FPGA architectural features like the shift register logic 16 (SRL16) primitive found in the Virtex-II and Virtex-II Pro [3] series of Xilinx devices contribute to producing an efficient and compact FPGA implementation. Figure 3 provides a high-level view of basic component that is used to construct an FPGA – the logic slice [3]. There are many tens-of-thousands of these elemental units available in a single device. Without going into details, the slice basically consists of two lookup-tables (LUTs), two flip-flops (FFs), and additional circuitry for performing high-speed arithmetic. The LUTs are multi-functional components that can be used for computing logic equations, configured as user-application 16x1 RAM or ROM (referred to as distributed memory), or used as SRL16 elements. All of these modes are extremely useful for signal processing applications.



Figure 3: Virtex-II (Pro) logic slice – high-level view.

Functionally, the SRL16 can be viewed as a series arrangement of 16 flip-flops with a dynamically programmable tap point, as shown in Figure 4.





Figure 4: Functional view of the SRL16 LUT configuration.

The RAM and ROM configurations can be used for storing filter coefficients or data vectors in a signal processing system. The utility and versatility of the SRL16

configuration may not immediately be obvious with respect to signal processing applications, but this unique aspect of Xilinx FPGAs is extremely powerful for building very efficient time-division multiplexed hardware that, for example, can be used to process multiple channels of data. An example is the pulse shaping and up-sampling of the inphase (I) and quadrature (Q) components of the baseband signal in a transmitter shaping filter or receiver matched filter.

As highlighted in [2] P(n) and R(n) can be calculated iteratively. It is useful to observe that the cascaded integrator comb (CIC) filter shown in conveniently implements the iterations.



Figure 5: CIC filter used for computing the P(n) and R(n).

SRL16s were used extensively for implementing the packet detector. A delay equal to one short preamble (16 samples in this case) is required to compute the cross-correlation (Figure 2). The CIC filters for computing P(n) and R(n) similarly require a 16-sample delay in the differentiator section of these filters. Using the node precisions indicated in Figure 2, and recalling that that the input sequence is complex valued,  $2 \times D \times B_1 + 4 \times D \times B_2$  bits of storage are needed. An obvious implementation might use the slice FFs to resource this storage. In our implementation D=16,  $B_1=16$  and  $B_2 = 16$ , so 1536 FFs would be required support the delays. This equates to 1536/2=768 logic slices. If the SRL16 configuration of a LUT is engaged, the slice requirement is reduced to 48, which is 6.25% the area of a flip-flop based implementation. The SRL16 LUT configuration is easily targeted from hardware description languages like VHDL and Verilog, in addition to the visual programming environment System Generator for DSP as the addressable shift register library component.

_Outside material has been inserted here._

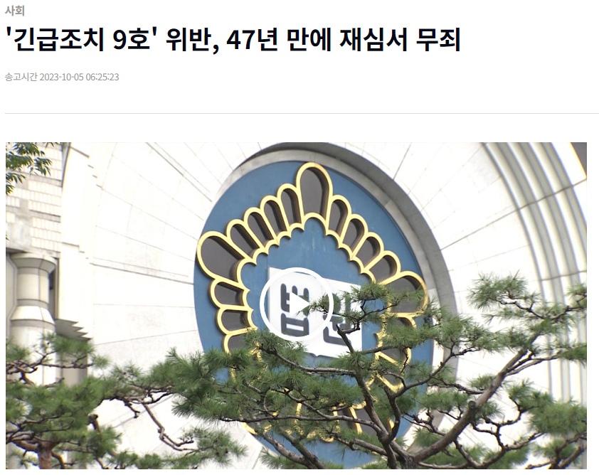 긴급조치 9호는 2013년 3월 21일 헌법재판소는 긴급조치 1·2·9호가 "국민의 기본권을 침해하고 현행 헌법에 어긋나 위헌"이라고 판시했으며, 이로 인해 2013년 7월 3일 고 김대중 전 대통령과 고 문익환 목사가 무죄를 선고 받았다.

To compute the decision statistic M(n) (Eq. (3)) a division is required. There are many techniques for implementing a divider, in our implementation the linear mode of the CORDIC algorithm [5] was employed. The procedure for computing  $y_0 / x_0$  is outlined in Eq. (4).

Given an iteration counter i, the operand register y and an additional state register z are updated at each iteration using conditional additions (subtractions) and logical shifts. These functions are particularly simple and compact to implement in an FPGA. Each iteration contributes approximately one additional bit of precision to the result.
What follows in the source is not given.